Management strategies

Rapid climate change causes most tree populations to exist in unsuitable environmental conditions, threatening their growth and survival and even leading to population extinction53. Some tree species adapted to the new climatic conditions by migrating to the same environmental gradient or evolving54; however, other tree species would benefit from climate change55. M. azedarach belongs to those species who would benefit from future climate change leading to anticipated range expansion. The wide distribution of M. azedarach harbours abundant phenotypic variation and most of the species phenotypic diversity is mainly distributed in the southwest and south regions and to a lesser extent in other regions56. It is worth noting that if a widely distributed species could not track the changing climate due to long-term local adaptation, they would become more vulnerable57. Therefore, to prevent this uncertainty, we suggest taking proactive in-situ conservation measures for Yunnan, Guizhou, Sichuan, Guangdong, and Guangxi regions, as they are rich in phenotypic diversity which will help in coping with future environmental uncertainty58. Assisted migration initiatives should apply to presently unsuitable habitats that are expected to be suitable in the future. For example, the northern regions of Jiangxi, Hubei, Anhui, Henan, and areas near 40° N are reasonable targets for assisted migration conservation measures59. We recommend for areas that would be negatively affected by future climate as Shandong, taking ex-situ measures through establishing botanical gardens and seed banks in suitable habitats to protect their resources.

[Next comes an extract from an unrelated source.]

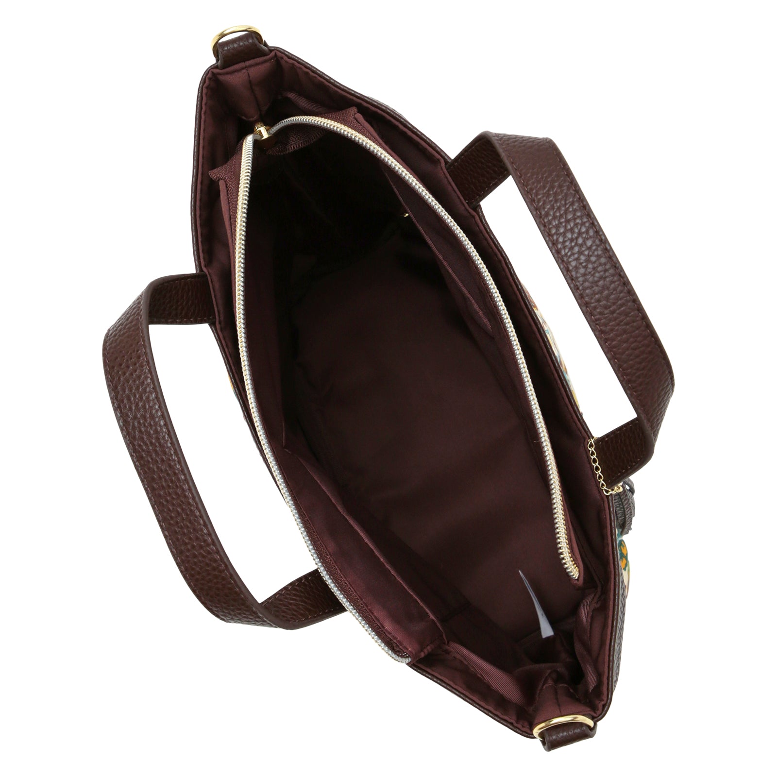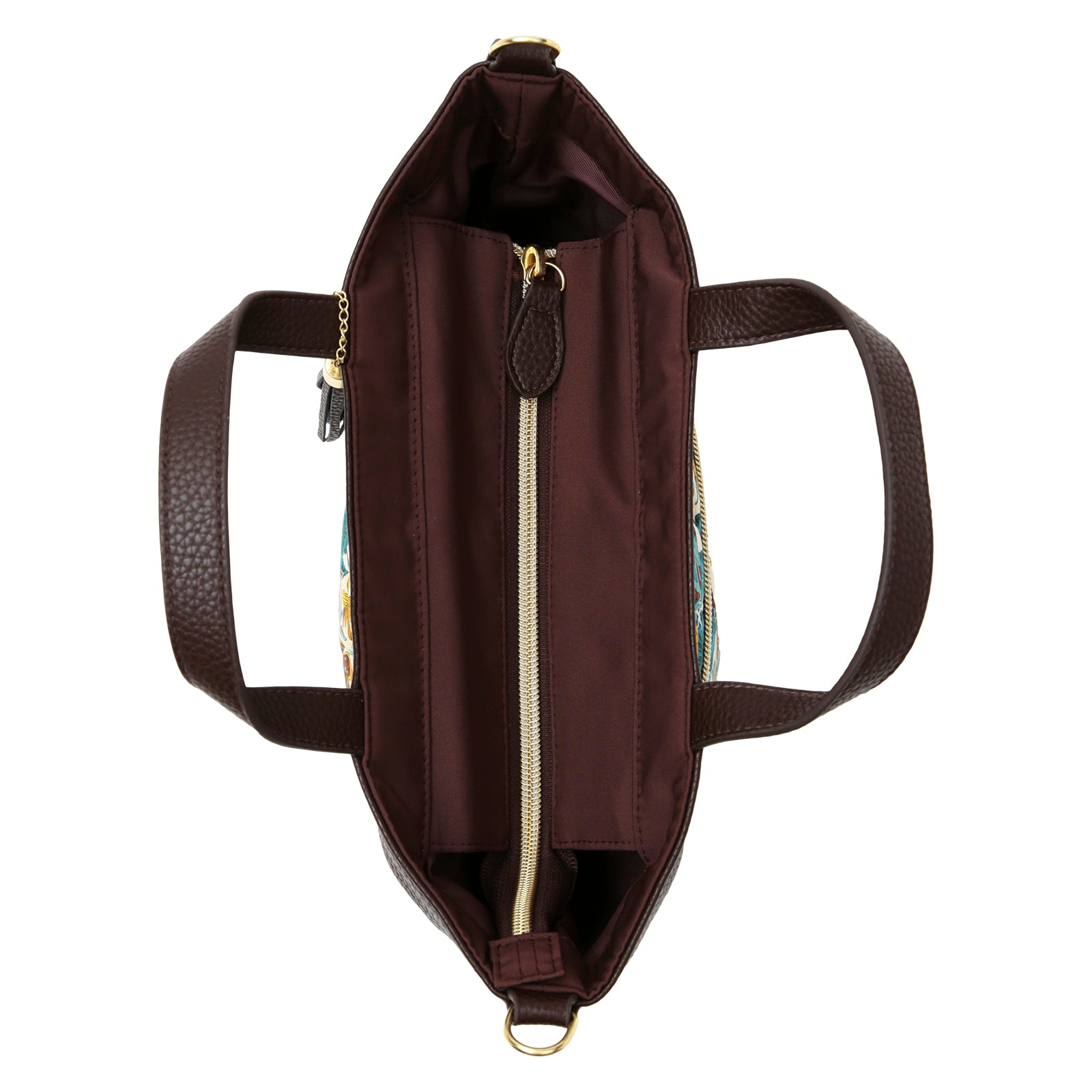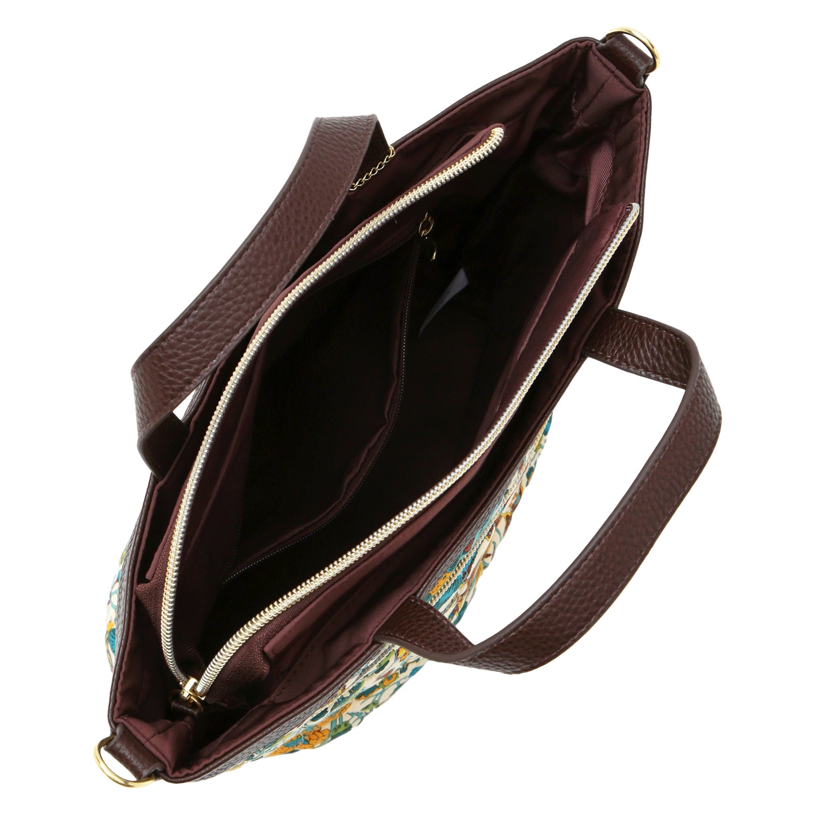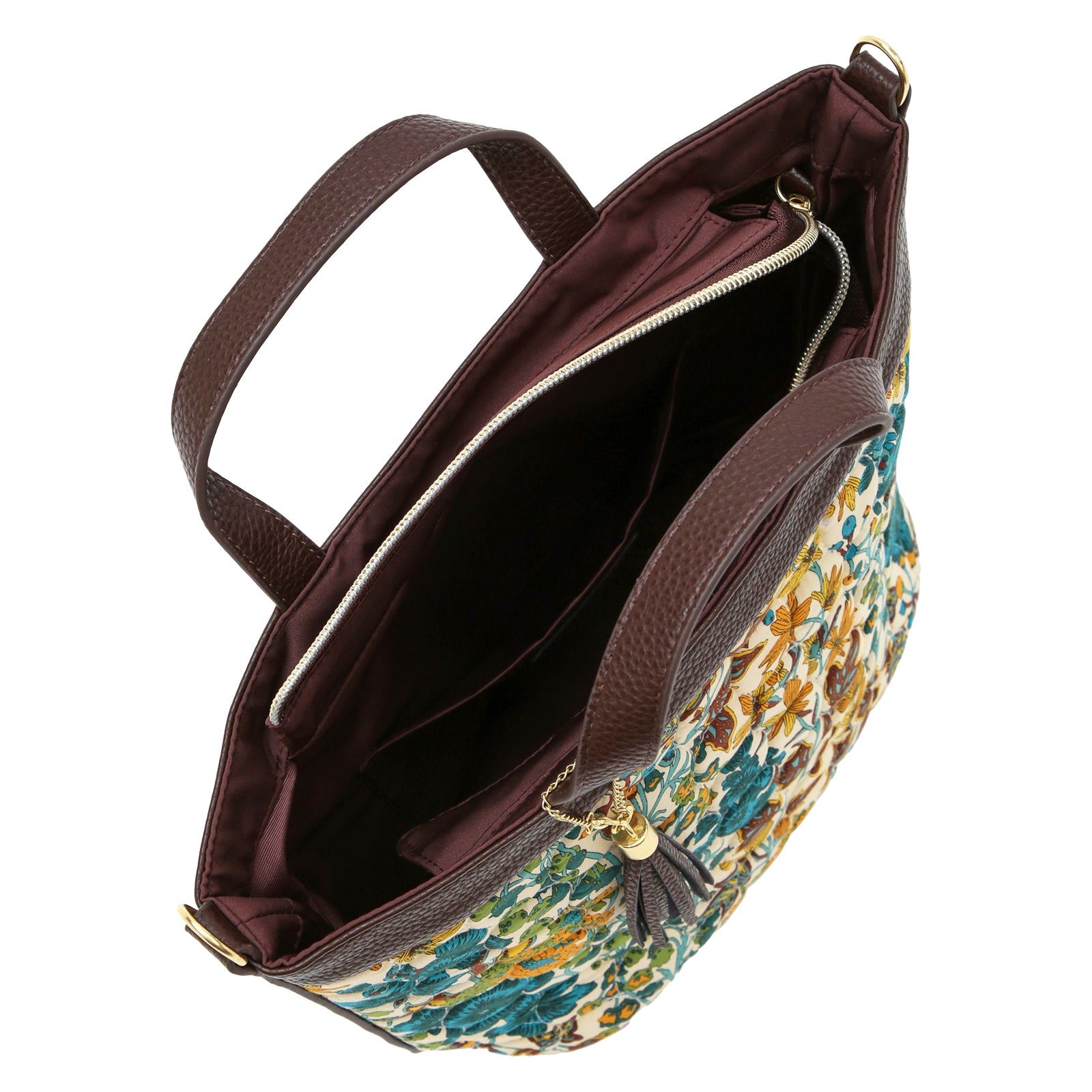 リバティプリントのタナローン生地を使用した、開閉がファスナータイプのショルダーバッグです。アクセントとして、バッグ開口部の縁取りとハンドルにシックな合皮を付けました。 底マチは約10cmあり、500mlペットボトルを立てて収納できるほか、お弁当箱など幅のある荷物もすっきり入ります。 外側背面にファスナーポケット、内側にはオープンポケット×1・ファスナーポケット×1を備えており、小物の仕分けにも便利です。 手持ち用ハンドルに加え、取り外し可能なショルダーテープ付きで、肩掛け・斜め掛けの2WAY仕様。 さらに「落としファスナー」が付いているため、荷物をたくさん入れても中身が飛び出さず安心です。ファスナーを使わないときは内側に折り込めるので、スムーズに物の出し入れができます。 通勤やお出かけなど、幅広いシーンで活躍する便利なバッグです。

Therefore, analyzing the ex-situ target areas’ climate ecology could provide reference for breeding programs and seed transfer guidelines/polices. At the same time, we suggest that other biological factors along with climate should also be considered in the species future research, such as species interaction (allelopathy, soil nutrient competition), land-use change (bio-energy farmland expansion), and the influence of human activities60,61, these factors collectively affect the contemporary and future distribution of M. azedarach.

Conclusion

Here, we used three common model accuracy evaluation indicators to compare the suitability of seven data mining techniques for predicting M. azedarach distribution. The RF model, with its strong robustness and stability, provided the highest accuracy in establishing a climate niche model. Based on this model, maps of contemporary and future suitable habitats were developed. The RF prediction results indicated that M. azedarach would benefit from future climate change through range expansion and this has tendency towards north- and west-ward expansion. In order to maximize the species protection and development, we recommend taking a proactive in-situ conservation measures to conserve genetic variation for adaptation to uncertainties and ex-situ conservation to protect genetic resources under risk, and assisted migration to better use the areas with good potential in future climates.